Diagnostically acceptable irreversible compression

Summary

Diagnostically acceptable irreversible compression (DAIC) is the amount of lossy compression which can be used on a medical image to produce a result that does not prevent the reader from using the image to make a medical diagnosis.

The term was first introduced at a workshop on irreversible compression convened by the European Society of Radiology (ESR) in Palma de Mallorca October 13, 2010, the results of which were reported in a subsequent position paper.[1]

Determination edit

The "amount of compression" in irreversible compression used to be determined by the compression ratio, where the acceptable minimum is determined by the algorithm (typically JPEG or J2K) and the data type (body part and imaging method).
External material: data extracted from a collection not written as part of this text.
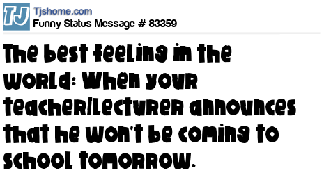 X says The best feeling in the world: When your teacher/lecturer announces that he won't be coming to school tomorrow.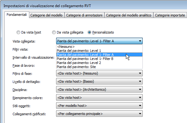 - Da vista collegata. Visualizza il modello collegato utilizzando le impostazioni grafiche e di visibilità della vista collegata specificata.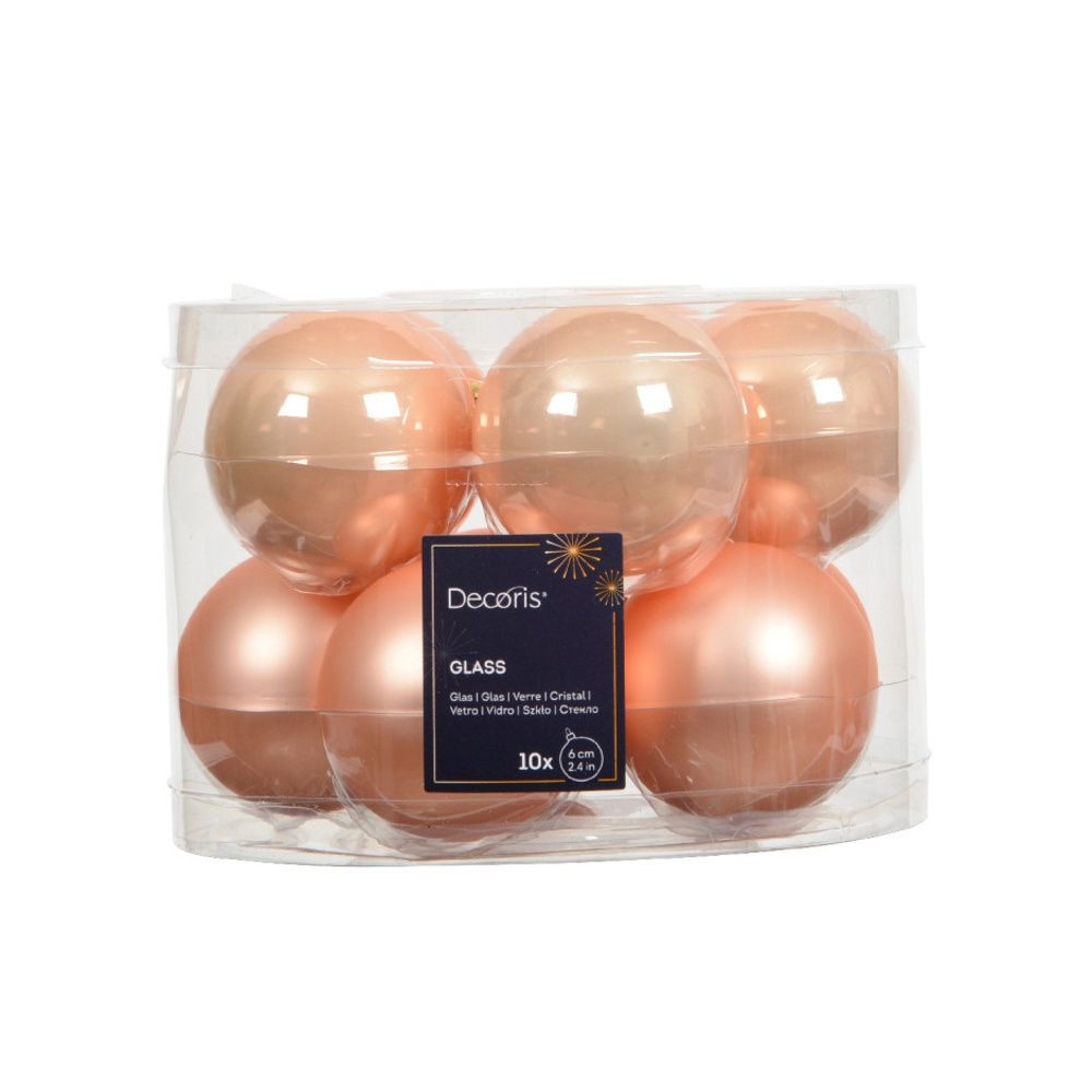 Vneste do své vánoční výzdoby jemnost a eleganci s touto sadou skleněných ozdob v broskvovém odstínu. Kombinace lesklého a matného povrchu dodává dekoracím příjemný kontrast a jemný třpyt, který se krásně odráží ve světle svíček nebo vánočního osvětlení.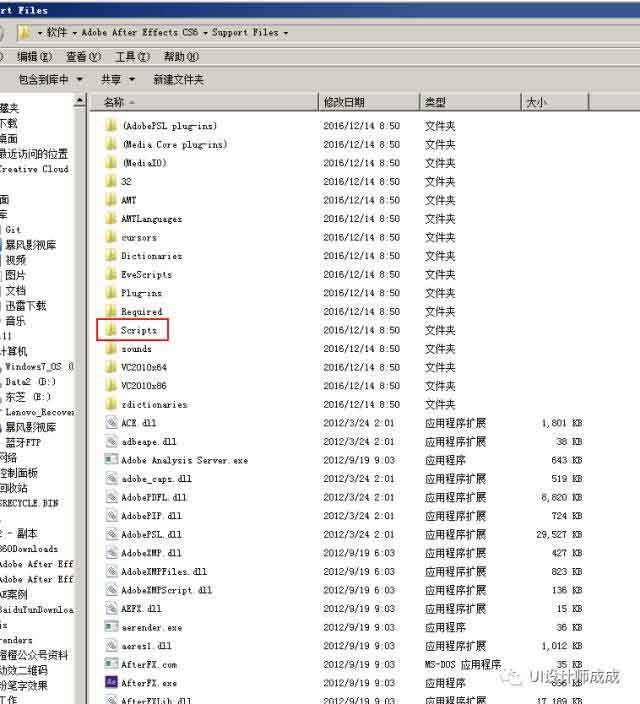 3、右鍵桌面AE快捷方式,選擇打開文件位置,進入如下界面,按照如圖路徑找到s cripts--s criptUI Panels,將剛才復制的文件粘貼到這個s criptUI Panels文件夾里面。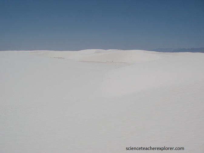 While driving my way to Texas, I drove through south-central New Mexico. There, I was able to explore the White Sands National Monument. White Sands National Monument is located in south-central New Mexico, within the Tularosa Basin, at the northern end of the Chihuahuan Desert. This is North America’s largest desert, the majority of which is located to our south in Mexico. This desert region amounts to about 455,000 square kilometers, stretching some 1900 km south from Alamogordo, New Mexico, to the Mexican state of San Luis Potosi.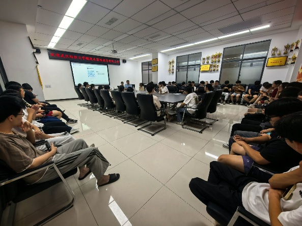 (通讯员:王文静)10月9日下午3:00,武汉纺织大学计算机与人工智能学院,研究生硕士导师,副院长魏雄应邀来到人工智能学院,在15栋315学院报告厅,为2026届有考研意向的学生们带来 “武汉纺织大学计算机科学与技术、电子信息专硕” 专题宣讲会。人工智能学院书记吴艳、副院长张婷、2026 届考研指导小组成员宫健丽、尹静、刘宇参与了此次宣讲。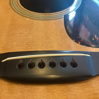 ロングサドルなのでサドルの下を削らず(端の斜めの位置がずれるので)サドルの上面を削って弦高をさげました。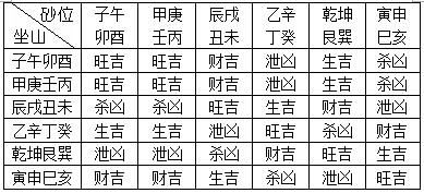 峰砂吉凶速查表: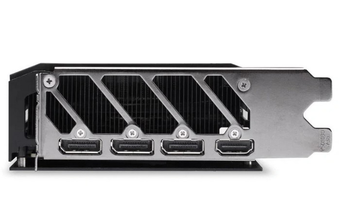 个头不算小,占用约2.5个槽位,目测至少有四根热管,双阵列散热模组,侧面提供双8Pin外接供电,背后有背板保护和加固。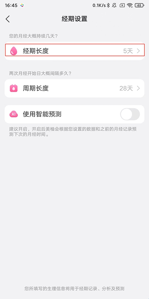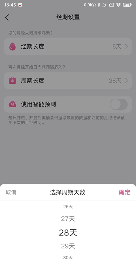 3、除了修改经期日期外,你还可以根据自己的实际情况调整周期长度。在经期设置页面中,找到“周期长度”选项,并进行相应的调整。这有助于美柚APP更准确地预测你的下一次经期。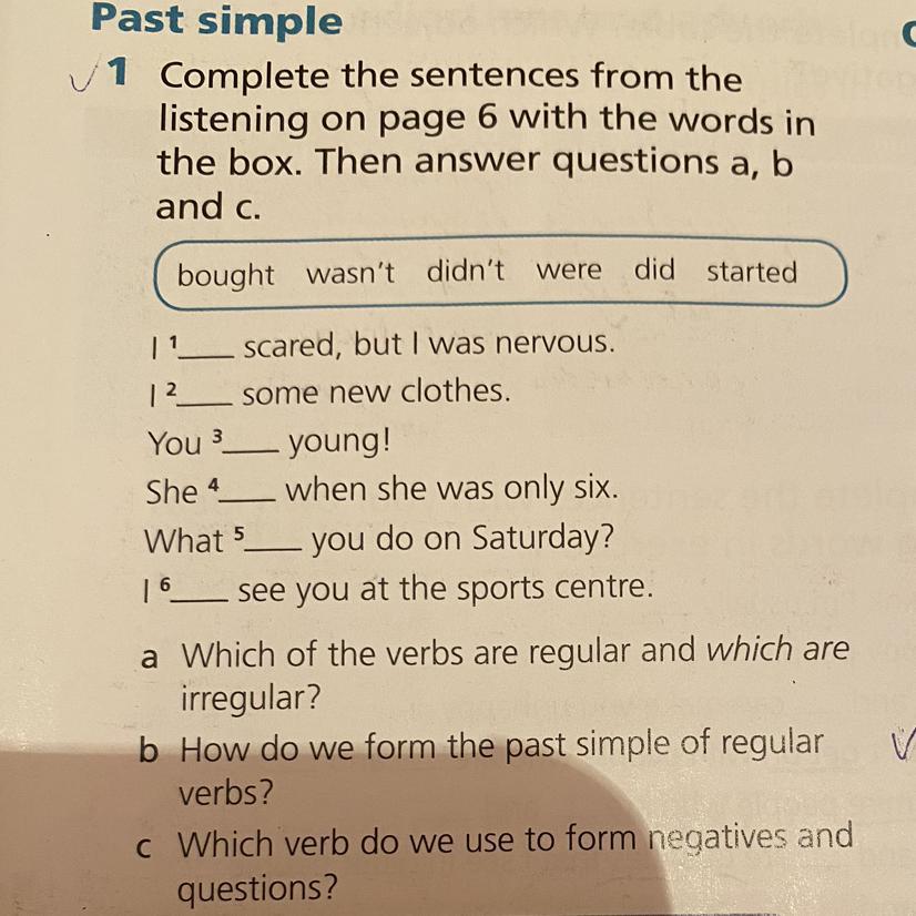 а) regular: started. irregular: bought, did, didn't, were, wasn't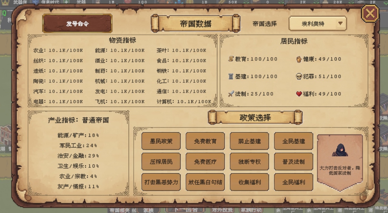 帝国境内的每一项产业布局,都会直接牵动民生的方方面面 —— 教育水平、健康医疗、基建建设、犯罪率、法治秩序、社会福利,桩桩件件,都尽在您的布局掌控之中。倘若您选择行王道正途,将民生福祉推向顶峰,子民便会安居乐业,幸福指数节节攀升,人口生育率亦会随之上涨,而充沛的人口,正是我们家族产业版图不断扩张的核心根基。反之,倘若民生凋敝,子民困苦不堪,不仅生育率会断崖式下跌,更会出现大规模的移民外流,届时我们的产业将无人可用,手中的权柄也会摇摇欲坠。这一点,我必须郑重地向您禀明。

Such a definition is easy to follow, and has been used by medical bodies in 2010 around the world.[1]

However, its downside is obvious: the compression ratio tells nothing about the real quality of the image, as different compressors can produce vastly different qualities under the same file size.[1] For example, the JPEG format of 1992 can perform as well as many modern formats given newer techniques exploited in mozjpeg and ISO libjpeg, yet they would be lumped together with the legacy encoders in such a scheme.[2]

The image compression community has long used objective quality metrics like SSIM to measure the effects of compression. In the absence of good data regarding SSIM, the ESR review of 2010 concluded that it is still difficult to establish a criterion for whether a particular irreversible compression scheme applied with particular parameters to a particular individual image, or category of images, avoids the introduction of some quantifiable risk of a diagnostic error for any particular diagnostic task.[1]

An 2017 study showed that a SSIM variant called 4-G-r* (4-component, gradient, structural component of SSIM) best reflects changes in images that affect the decision of radiologists out of 16 SSIM variants.[3] An 2020 study shows that visual information fidelity (VIF), feature similarity index (FSIM), and noise quality metric (NQM) best reflect radiologist preferences out of ten metrics. It also mentions that the original version of SSIM works as poorly as a basic root-mean-square distance (RMSD) for this purpose, a result echoed by the 2017 study. The 4-G-r* modification is not tested in the study.[4]

References edit

  1. ^ a b c d European Society of Radiology (April 2011). "Usability of irreversible image compression in radiological imaging. A position paper by the European Society of Radiology (ESR)". Insights into Imaging. 2 (2): 103–115. doi:10.1007/s13244-011-0071-x. PMC 3259360. PMID 22347940.
  2. ^ Richter, Thomas (September 2016). "JPEG on STEROIDS: Common optimization techniques for JPEG image compression". 2016 IEEE International Conference on Image Processing (ICIP). pp. 61–65. doi:10.1109/ICIP.2016.7532319. ISBN 978-1-4673-9961-6. S2CID 14922251.
  3. ^ Renieblas, Gabriel Prieto; Nogués, Agustín Turrero; González, Alberto Muñoz; Gómez-Leon, Nieves; del Castillo, Eduardo Guibelalde (26 July 2017). "Structural similarity index family for image quality assessment in radiological images". Journal of Medical Imaging. 4 (3): 035501. doi:10.1117/1.JMI.4.3.035501. PMC 5527267. PMID 28924574.
  4. ^ Mason, A; Rioux, J; Clarke, SE; Costa, A; Schmidt, M; Keough, V; Huynh, T; Beyea, S (April 2020). "Comparison of Objective Image Quality Metrics to Expert Radiologists' Scoring of Diagnostic Quality of MR Images". IEEE Transactions on Medical Imaging. 39 (4): 1064–1072. doi:10.1109/TMI.2019.2930338. PMID 31535985.